The taxpayer submitted a number of counter arguments essentially stating that she had remained an employee of the Company until it was acquired in October 2009. At end of February 2009 she was removed from the payroll in order not to give cause for concern to the potential acquirer, which was a listed company. As the Company operates a computerised payroll system, the only way to do so was to produce Forms P45 and P14.
However, from March 2009 Mrs Corbett did exactly the same work in exactly the same way as previously and she had an implied contract of employment up until the sale of the Company. Whilst HMRC relied on the Readymix case, that case was 45 years old and the practicalities of employment relationships had greatly changed since then.
In addition, HMRC’s point concerning the NMW was a moot point because HMRC’s own manuals confirmed that remuneration is not required for eligibility for ER: “There are no specific requirements regarding either working hours or the level of remuneration. The condition is simply that the individual should be an officer or employee.”
Further, the taxpayer argued that the requirement for NMW had been satisfied by the increase in her husband’s salary from March 2009 which was visible from his payslips. That salary was paid into a joint bank account and arguably Mrs Corbett did continue to receive consideration.
Decision
The First Tier Tribunal was thus required to determine whether Mrs Corbett was an employee of the Company in the twelve months up to October 2009 and, in particular, whether her removal from the Company’s payroll at the end of February 2009 was the end of her employment by the Company.
The First Tier Tribunal found the written evidence of the company’s former Finance Director persuasive although HMRC did not have the opportunity to put questions to him (nor did the Tribunal) or challenge his evidence.
That limitation was borne in mind however, the fact that the availability or otherwise of ER to the taxpayer was of no financial concern to the Company made, in the Tribunal’s view, the Finance Director an independent witness, and one whose explanation fully supported the evidence given.
The Tribunal accepted that the motivation for removing Mrs Corbett from the payroll at the end of February 2009 was to keep her out of sight of the potential purchaser because of its sensitivity to the employment of spouses of senior executives. That was also the reason why she was not (apparently) disclosed on the list of employees scheduled to the share purchase agreement.

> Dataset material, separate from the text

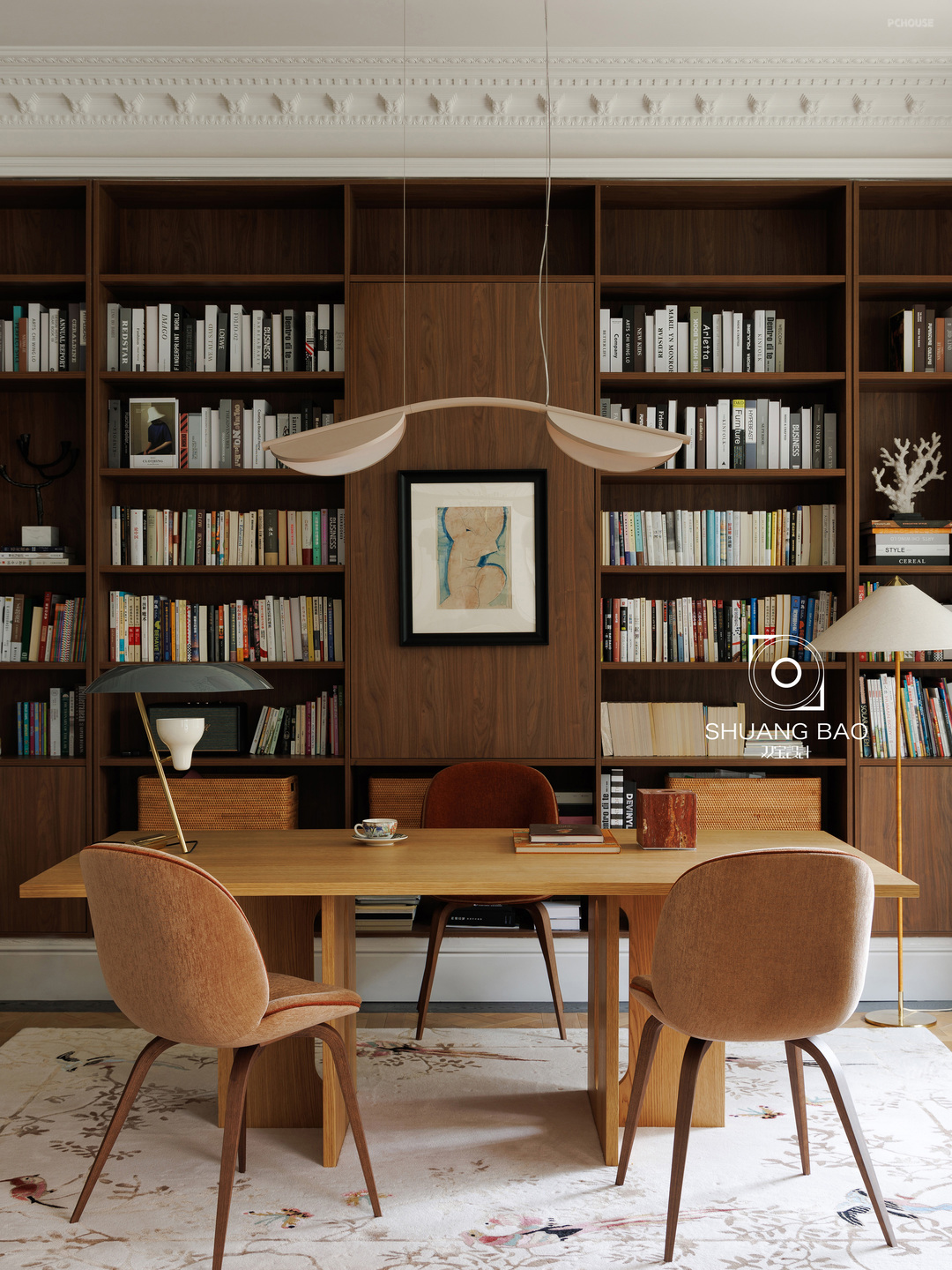 吊灯来自Flos,落地灯和椅子都来自Gubi,书桌是丹麦Menu 的Androgyne系列。满墙的胡桃木书架呈现出木材特有的天然质朴与温润,与身俱来的清雅感让书房成为感知层面的延展性容器,每一次沉浸式阅读与冥想,都是回归内心的旅程

In relation to the adjustment to Mr Corbett’s salary from March 2009, the Tribunal did not accept HMRC’s suggestion that this was just a convenient explanation invented after the event to gloss over the absence of any remuneration for Mrs Corbett after February 2009. Mr Corbett’s sworn oral evidence was that his wife’s salary was directed to him from March 2009 and this was confirmed by the former Finance Director of the Company.

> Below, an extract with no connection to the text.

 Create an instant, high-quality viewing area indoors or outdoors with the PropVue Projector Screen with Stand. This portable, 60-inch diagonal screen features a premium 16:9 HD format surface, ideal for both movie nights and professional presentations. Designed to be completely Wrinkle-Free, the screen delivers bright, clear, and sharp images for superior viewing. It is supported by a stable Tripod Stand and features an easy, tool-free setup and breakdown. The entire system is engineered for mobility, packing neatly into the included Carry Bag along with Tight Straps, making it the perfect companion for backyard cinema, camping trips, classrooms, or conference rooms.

On the basis of all the foregoing, the Tribunal was satisfied, on the balance of probabilities that the Company continued to remunerate Mrs Corbett after February 2009 by directing her salary to her husband. This, taken together with her continued performance of her duties, was sufficient for her to have continued to be an employee of the Company in the period from February 2009 to October 2009.
Accordingly the condition in section 169I(6)(b) was satisfied and the taxpayer was entitled to ER in respect of the share disposal. The appeal was allowed.